My spirit prevented me from following Bush’s follies the same way I did Clinton’s, because I needed the light absurdity to distract me from the utter seriousness of it all, the fact that some innocent people do indeed get caught in the pitiless gears of the government machine. 

However, Abe’s Turn provides an outlet for my disapproval, my sadness, and my fears. It provides an outlet for my disapproval, because I get to say, in the voices of my characters, what I really think about the police state. It provides an outlet for my sadness, because these characters feel the same sadness.

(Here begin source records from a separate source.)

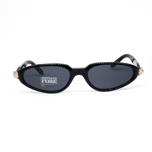 Gianfranco Ferrè GFF 344 black acetate narrow sunglasses with golden metallic details enriched with rhinestones NOS 1990s Italy.
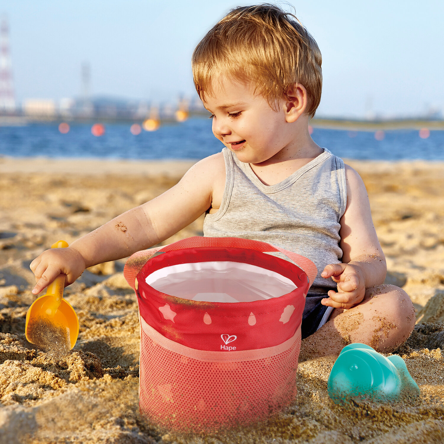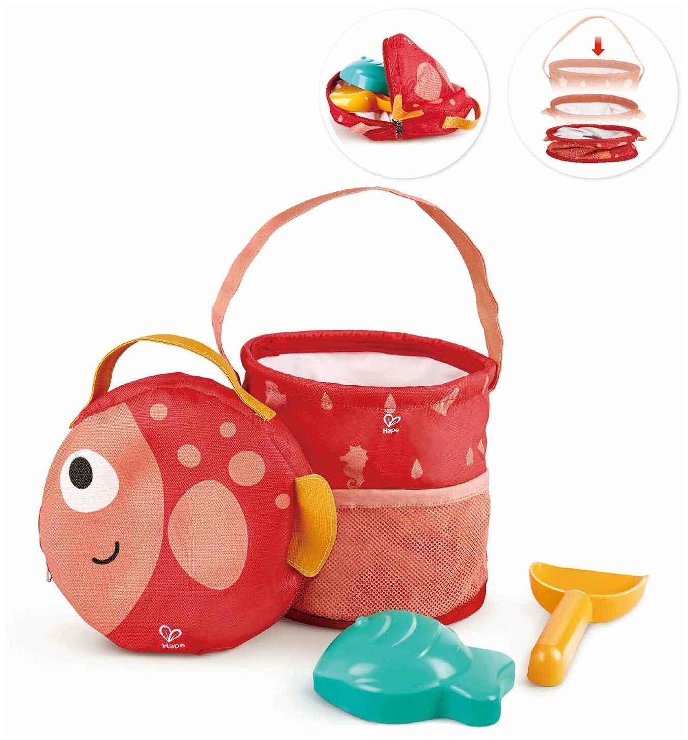 Купить Складное ведерко - сумочка для пляжа Hape "Рыбка", с лопаткой и формочкой E4093_HP
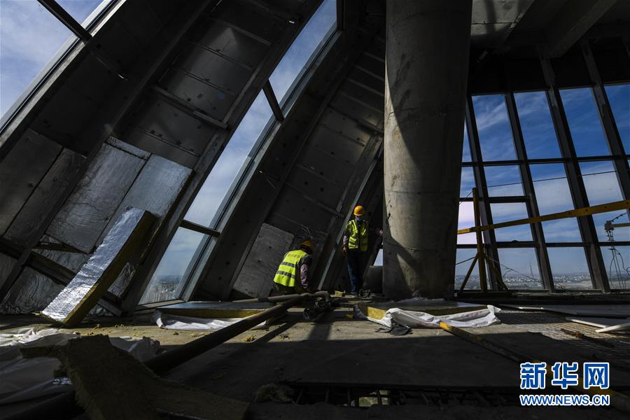 6月16日,工人在新疆烏魯木齊奧林匹克體育中心運(yùn)動(dòng)員賓館內(nèi)施工。新華社記者 王菲 攝
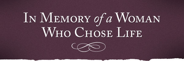Because this woman chose life forty years ago, I have enjoyed fifteen years of the happiest marriage for which a man could hope.
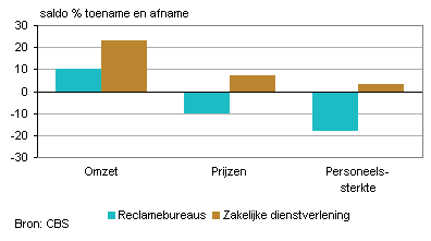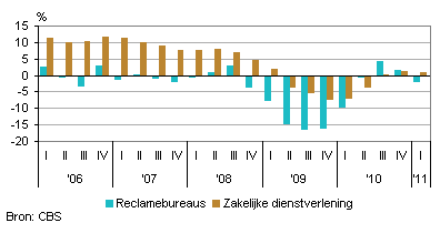 De reclamebranche zag in het eerste kwartaal van 2011 de omzet met 1,5 procent dalen vergeleken met een jaar eerder. Hiermee komt de omzet van deze branche op het laagste niveau sinds de start van de reeks. De negatieve ontwikkeling loopt niet in de pas met de ontwikkeling van de zakelijke dienstverlening in zijn geheel, die 0,7 procent meer omzet behaalde. Ondernemers verwachten in het volgende kwartaal enig herstel van de omzet.

And it provides an outlet for my fears, because anyone who has been following police-loophole bullshit legislation over the past 20 years, the villain of Abe’s Turn, Sam Baedes, does and will commit the same abuses, if he deems it necessary to “maintain order.” Still I will resist employing Michael’s sardonic pun. I will not call him “Beady-eyes.”

Moreover—perhaps more importantly—Abe’s Turn provides hope. It says, maybe the good guys can win. True, the story of Abe’s Turn is implausible, impractical fiction. So what? I’m sick and tired of popular stories in which we the proletariat are forever doomed to a life of subservience to the political will. I need hope, even if a vain hope.

Abe’s Turn enables me to expose myself to politics again. In recent weeks, I’ve even found that I like it again, that I can even stand reading about Bush’s wars, and I am able to feel wretched sickness, hot anger, despondent sadness, and still not be driven to insanity by it.

During the Clinton years, I discovered Harry Browne, running for president on the Libertarian Party ticket. Harry Browne didn’t get to see liberty in his lifetime, even though he believed in it. But I don’t want that hope to die. Hence, The Conscience of Abe’s Turn.